Given information:
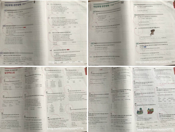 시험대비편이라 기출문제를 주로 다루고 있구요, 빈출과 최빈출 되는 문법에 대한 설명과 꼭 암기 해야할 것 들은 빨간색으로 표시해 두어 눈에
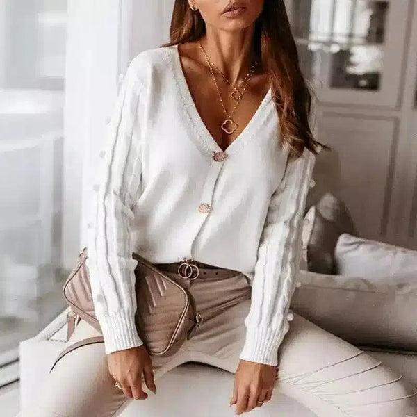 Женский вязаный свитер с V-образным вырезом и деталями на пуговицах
---
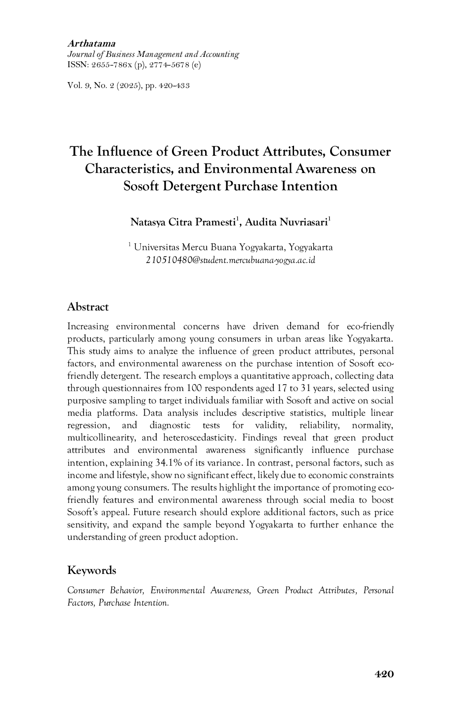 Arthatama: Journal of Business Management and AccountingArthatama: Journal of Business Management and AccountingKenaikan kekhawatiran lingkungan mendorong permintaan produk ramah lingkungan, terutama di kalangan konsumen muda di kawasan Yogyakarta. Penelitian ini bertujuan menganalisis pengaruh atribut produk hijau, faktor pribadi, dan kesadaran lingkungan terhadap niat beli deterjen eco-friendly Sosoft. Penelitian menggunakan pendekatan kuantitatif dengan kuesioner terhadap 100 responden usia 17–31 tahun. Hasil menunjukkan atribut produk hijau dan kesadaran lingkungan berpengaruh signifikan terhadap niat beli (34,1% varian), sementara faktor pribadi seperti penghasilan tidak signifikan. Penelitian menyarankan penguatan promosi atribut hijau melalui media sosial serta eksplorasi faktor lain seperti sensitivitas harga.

The task:
Start at the line containing "시험대비편이라 기출문제를 주로" above and stop at the line containing "Женский вязаный свитер". Output those lines exactly, both included, but none of the pictures.

Reply:
 시험대비편이라 기출문제를 주로 다루고 있구요, 빈출과 최빈출 되는 문법에 대한 설명과 꼭 암기 해야할 것 들은 빨간색으로 표시해 두어 눈에
 Женский вязаный свитер с V-образным вырезом и деталями на пуговицах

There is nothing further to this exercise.